Set down the entries that follow exactly as written, leaving out any images.

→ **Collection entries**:
# # # # #
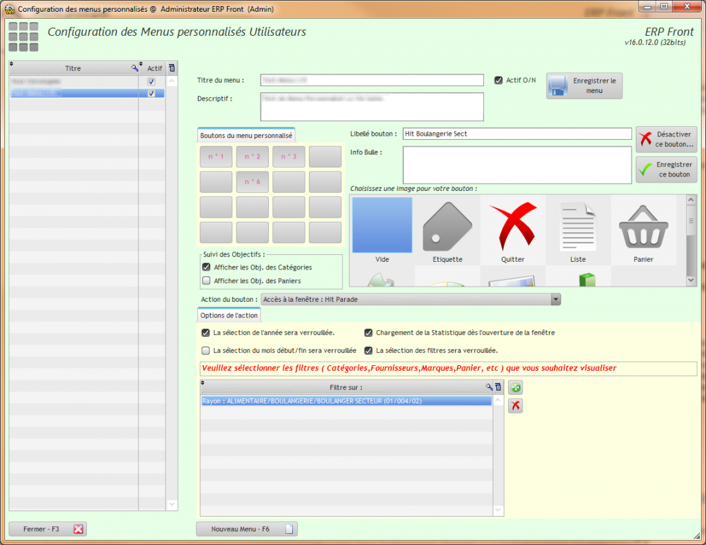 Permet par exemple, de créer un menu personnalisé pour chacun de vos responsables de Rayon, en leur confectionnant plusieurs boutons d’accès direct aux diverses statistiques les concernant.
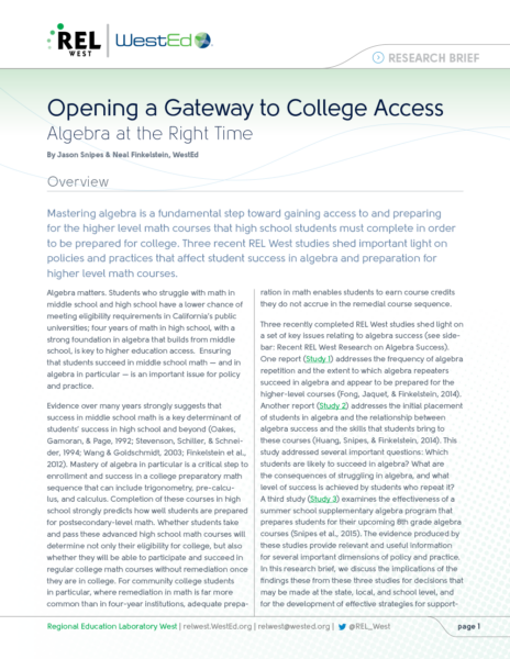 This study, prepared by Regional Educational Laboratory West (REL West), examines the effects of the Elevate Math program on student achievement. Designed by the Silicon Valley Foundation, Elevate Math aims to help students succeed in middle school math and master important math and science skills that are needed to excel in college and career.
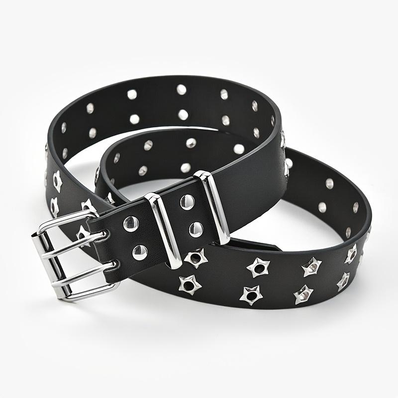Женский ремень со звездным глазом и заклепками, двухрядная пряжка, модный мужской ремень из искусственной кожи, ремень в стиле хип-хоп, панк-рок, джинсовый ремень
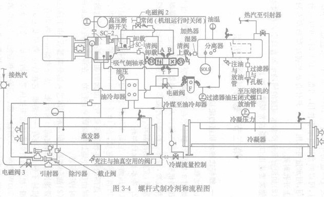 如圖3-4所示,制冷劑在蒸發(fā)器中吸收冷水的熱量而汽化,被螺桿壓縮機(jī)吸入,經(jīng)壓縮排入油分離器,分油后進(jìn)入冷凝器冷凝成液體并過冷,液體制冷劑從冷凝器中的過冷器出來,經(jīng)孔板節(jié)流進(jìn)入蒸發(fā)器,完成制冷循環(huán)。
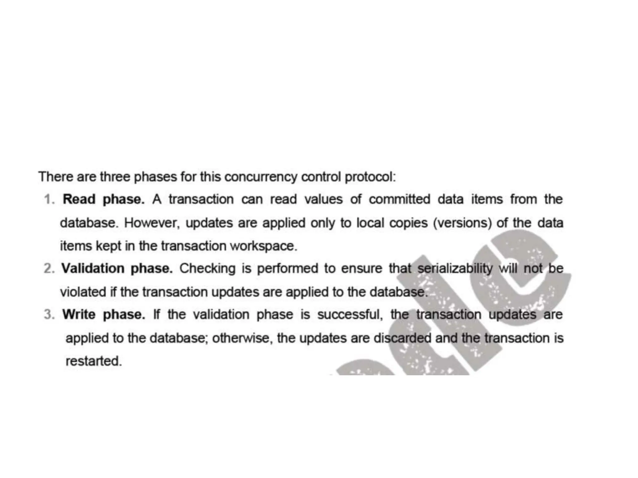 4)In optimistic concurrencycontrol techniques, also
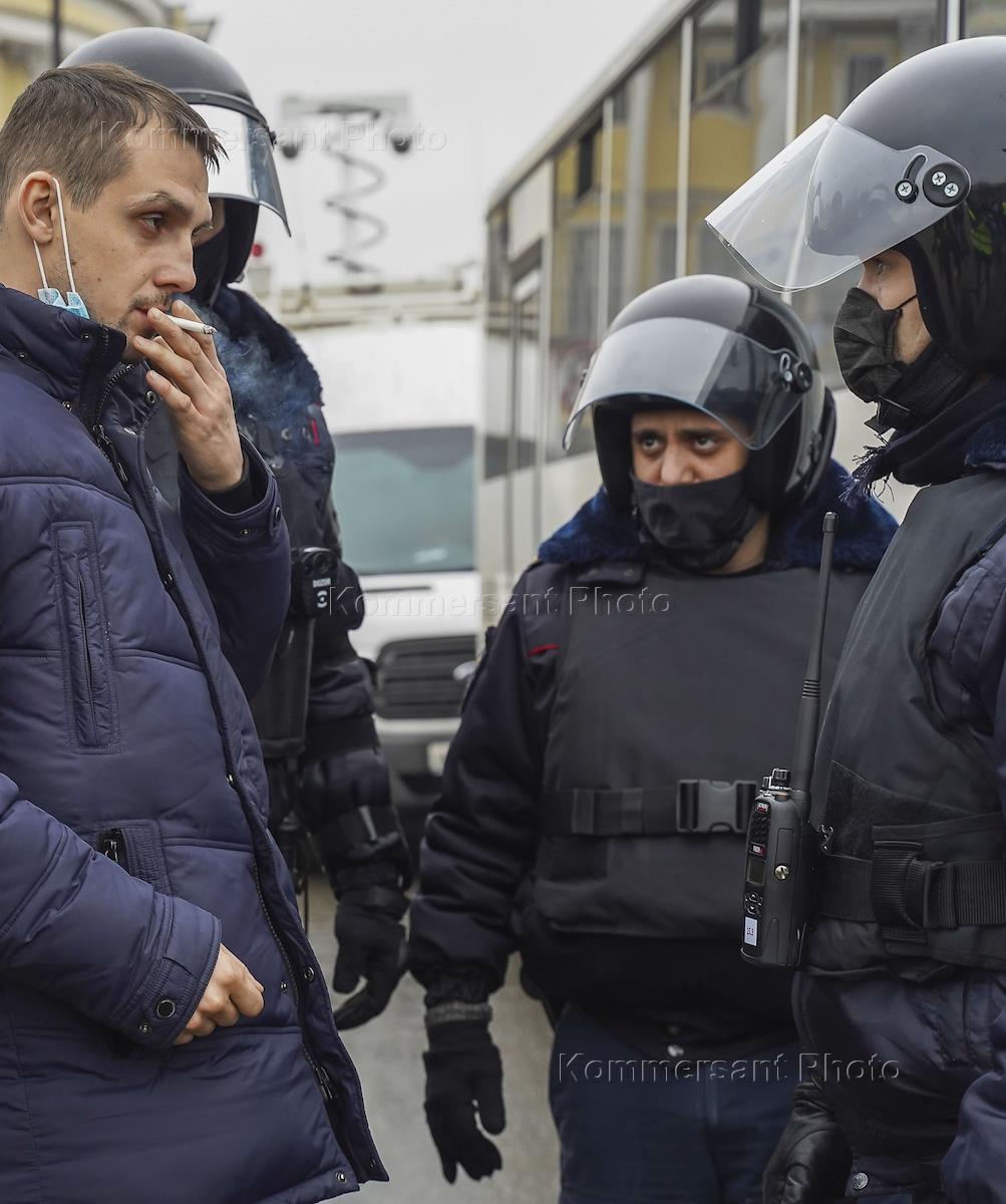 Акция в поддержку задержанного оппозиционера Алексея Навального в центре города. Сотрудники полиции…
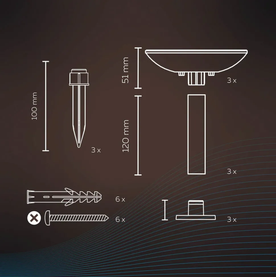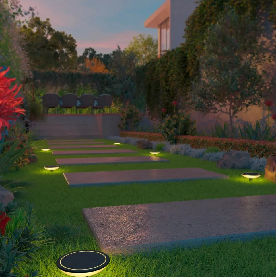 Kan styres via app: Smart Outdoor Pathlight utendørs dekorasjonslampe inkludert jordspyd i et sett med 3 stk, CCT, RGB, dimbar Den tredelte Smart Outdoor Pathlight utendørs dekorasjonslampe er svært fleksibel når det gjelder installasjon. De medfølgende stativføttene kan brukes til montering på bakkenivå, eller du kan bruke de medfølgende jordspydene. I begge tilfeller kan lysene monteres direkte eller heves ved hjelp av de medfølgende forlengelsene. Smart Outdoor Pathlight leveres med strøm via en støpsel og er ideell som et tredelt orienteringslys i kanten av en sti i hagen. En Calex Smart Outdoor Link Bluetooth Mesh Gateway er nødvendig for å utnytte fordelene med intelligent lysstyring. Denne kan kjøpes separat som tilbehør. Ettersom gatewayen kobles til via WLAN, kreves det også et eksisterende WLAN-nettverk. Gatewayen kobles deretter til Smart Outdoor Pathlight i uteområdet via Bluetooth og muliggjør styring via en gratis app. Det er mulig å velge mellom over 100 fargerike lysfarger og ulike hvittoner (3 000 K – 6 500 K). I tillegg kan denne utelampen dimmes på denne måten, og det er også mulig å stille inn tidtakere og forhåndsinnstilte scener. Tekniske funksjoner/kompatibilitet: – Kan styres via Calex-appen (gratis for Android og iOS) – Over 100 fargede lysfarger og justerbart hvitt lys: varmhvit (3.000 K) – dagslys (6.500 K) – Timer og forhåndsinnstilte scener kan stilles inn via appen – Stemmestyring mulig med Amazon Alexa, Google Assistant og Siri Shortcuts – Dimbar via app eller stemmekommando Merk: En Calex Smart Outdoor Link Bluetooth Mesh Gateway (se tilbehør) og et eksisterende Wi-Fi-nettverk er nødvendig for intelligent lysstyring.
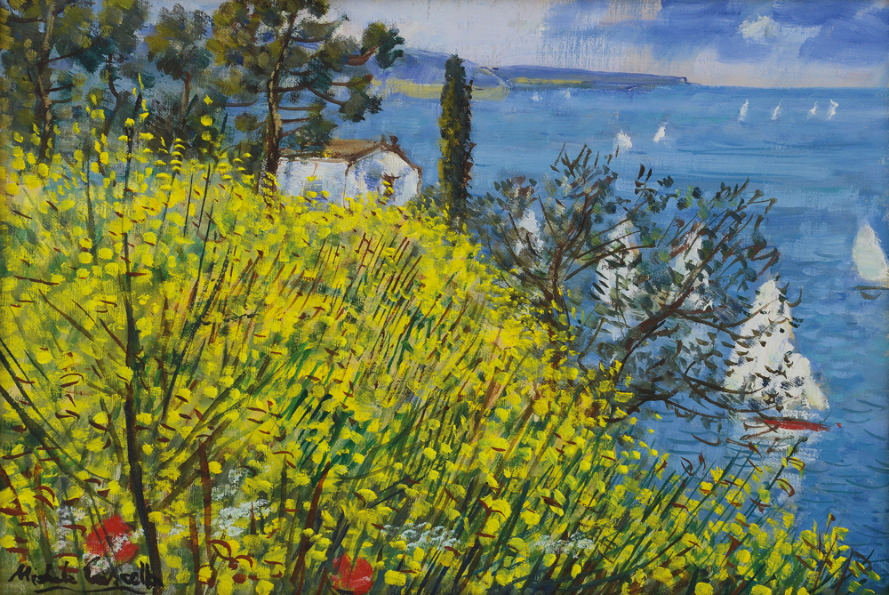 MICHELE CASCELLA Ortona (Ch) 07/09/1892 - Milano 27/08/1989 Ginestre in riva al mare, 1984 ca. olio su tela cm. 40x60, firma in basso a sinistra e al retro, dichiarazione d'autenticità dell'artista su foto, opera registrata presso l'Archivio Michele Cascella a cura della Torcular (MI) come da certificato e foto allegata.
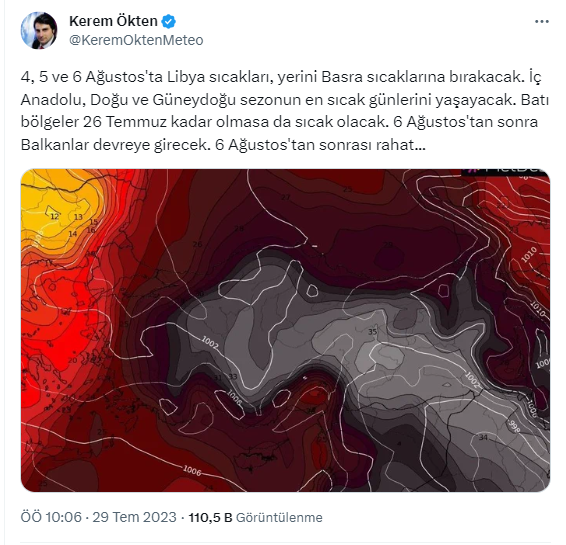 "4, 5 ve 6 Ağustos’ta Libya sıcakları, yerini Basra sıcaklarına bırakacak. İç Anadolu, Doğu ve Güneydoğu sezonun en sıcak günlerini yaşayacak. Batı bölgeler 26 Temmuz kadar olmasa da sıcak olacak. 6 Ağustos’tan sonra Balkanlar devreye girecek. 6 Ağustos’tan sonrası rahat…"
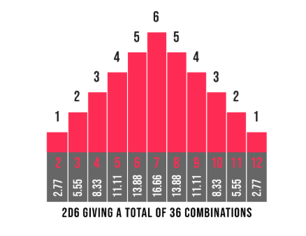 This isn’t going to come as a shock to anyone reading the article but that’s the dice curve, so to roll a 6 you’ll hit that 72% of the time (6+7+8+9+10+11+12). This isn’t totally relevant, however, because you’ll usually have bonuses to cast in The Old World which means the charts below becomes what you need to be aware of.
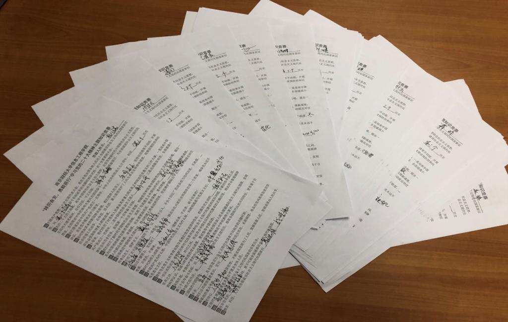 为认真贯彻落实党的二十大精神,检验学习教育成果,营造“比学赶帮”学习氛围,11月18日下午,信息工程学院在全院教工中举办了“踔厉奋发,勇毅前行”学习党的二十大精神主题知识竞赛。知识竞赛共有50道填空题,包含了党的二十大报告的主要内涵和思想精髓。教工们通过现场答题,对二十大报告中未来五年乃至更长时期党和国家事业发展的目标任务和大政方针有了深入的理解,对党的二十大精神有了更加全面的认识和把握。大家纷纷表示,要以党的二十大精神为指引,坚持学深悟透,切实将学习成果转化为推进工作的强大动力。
# # # # #
→ **Written answer**:
 Permet par exemple, de créer un menu personnalisé pour chacun de vos responsables de Rayon, en leur confectionnant plusieurs boutons d’accès direct aux diverses statistiques les concernant.
 This study, prepared by Regional Educational Laboratory West (REL West), examines the effects of the Elevate Math program on student achievement. Designed by the Silicon Valley Foundation, Elevate Math aims to help students succeed in middle school math and master important math and science skills that are needed to excel in college and career.
Женский ремень со звездным глазом и заклепками, двухрядная пряжка, модный мужской ремень из искусственной кожи, ремень в стиле хип-хоп, панк-рок, джинсовый ремень
 如圖3-4所示,制冷劑在蒸發(fā)器中吸收冷水的熱量而汽化,被螺桿壓縮機(jī)吸入,經(jīng)壓縮排入油分離器,分油后進(jìn)入冷凝器冷凝成液體并過冷,液體制冷劑從冷凝器中的過冷器出來,經(jīng)孔板節(jié)流進(jìn)入蒸發(fā)器,完成制冷循環(huán)。
 4)In optimistic concurrencycontrol techniques, also
 Акция в поддержку задержанного оппозиционера Алексея Навального в центре города. Сотрудники полиции…
 Kan styres via app: Smart Outdoor Pathlight utendørs dekorasjonslampe inkludert jordspyd i et sett med 3 stk, CCT, RGB, dimbar Den tredelte Smart Outdoor Pathlight utendørs dekorasjonslampe er svært fleksibel når det gjelder installasjon. De medfølgende stativføttene kan brukes til montering på bakkenivå, eller du kan bruke de medfølgende jordspydene. I begge tilfeller kan lysene monteres direkte eller heves ved hjelp av de medfølgende forlengelsene. Smart Outdoor Pathlight leveres med strøm via en støpsel og er ideell som et tredelt orienteringslys i kanten av en sti i hagen. En Calex Smart Outdoor Link Bluetooth Mesh Gateway er nødvendig for å utnytte fordelene med intelligent lysstyring. Denne kan kjøpes separat som tilbehør. Ettersom gatewayen kobles til via WLAN, kreves det også et eksisterende WLAN-nettverk. Gatewayen kobles deretter til Smart Outdoor Pathlight i uteområdet via Bluetooth og muliggjør styring via en gratis app. Det er mulig å velge mellom over 100 fargerike lysfarger og ulike hvittoner (3 000 K – 6 500 K). I tillegg kan denne utelampen dimmes på denne måten, og det er også mulig å stille inn tidtakere og forhåndsinnstilte scener. Tekniske funksjoner/kompatibilitet: – Kan styres via Calex-appen (gratis for Android og iOS) – Over 100 fargede lysfarger og justerbart hvitt lys: varmhvit (3.000 K) – dagslys (6.500 K) – Timer og forhåndsinnstilte scener kan stilles inn via appen – Stemmestyring mulig med Amazon Alexa, Google Assistant og Siri Shortcuts – Dimbar via app eller stemmekommando Merk: En Calex Smart Outdoor Link Bluetooth Mesh Gateway (se tilbehør) og et eksisterende Wi-Fi-nettverk er nødvendig for intelligent lysstyring.
 MICHELE CASCELLA Ortona (Ch) 07/09/1892 - Milano 27/08/1989 Ginestre in riva al mare, 1984 ca. olio su tela cm. 40x60, firma in basso a sinistra e al retro, dichiarazione d'autenticità dell'artista su foto, opera registrata presso l'Archivio Michele Cascella a cura della Torcular (MI) come da certificato e foto allegata.
 "4, 5 ve 6 Ağustos’ta Libya sıcakları, yerini Basra sıcaklarına bırakacak. İç Anadolu, Doğu ve Güneydoğu sezonun en sıcak günlerini yaşayacak. Batı bölgeler 26 Temmuz kadar olmasa da sıcak olacak. 6 Ağustos’tan sonra Balkanlar devreye girecek. 6 Ağustos’tan sonrası rahat…"
 This isn’t going to come as a shock to anyone reading the article but that’s the dice curve, so to roll a 6 you’ll hit that 72% of the time (6+7+8+9+10+11+12). This isn’t totally relevant, however, because you’ll usually have bonuses to cast in The Old World which means the charts below becomes what you need to be aware of.
 为认真贯彻落实党的二十大精神,检验学习教育成果,营造“比学赶帮”学习氛围,11月18日下午,信息工程学院在全院教工中举办了“踔厉奋发,勇毅前行”学习党的二十大精神主题知识竞赛。知识竞赛共有50道填空题,包含了党的二十大报告的主要内涵和思想精髓。教工们通过现场答题,对二十大报告中未来五年乃至更长时期党和国家事业发展的目标任务和大政方针有了深入的理解,对党的二十大精神有了更加全面的认识和把握。大家纷纷表示,要以党的二十大精神为指引,坚持学深悟透,切实将学习成果转化为推进工作的强大动力。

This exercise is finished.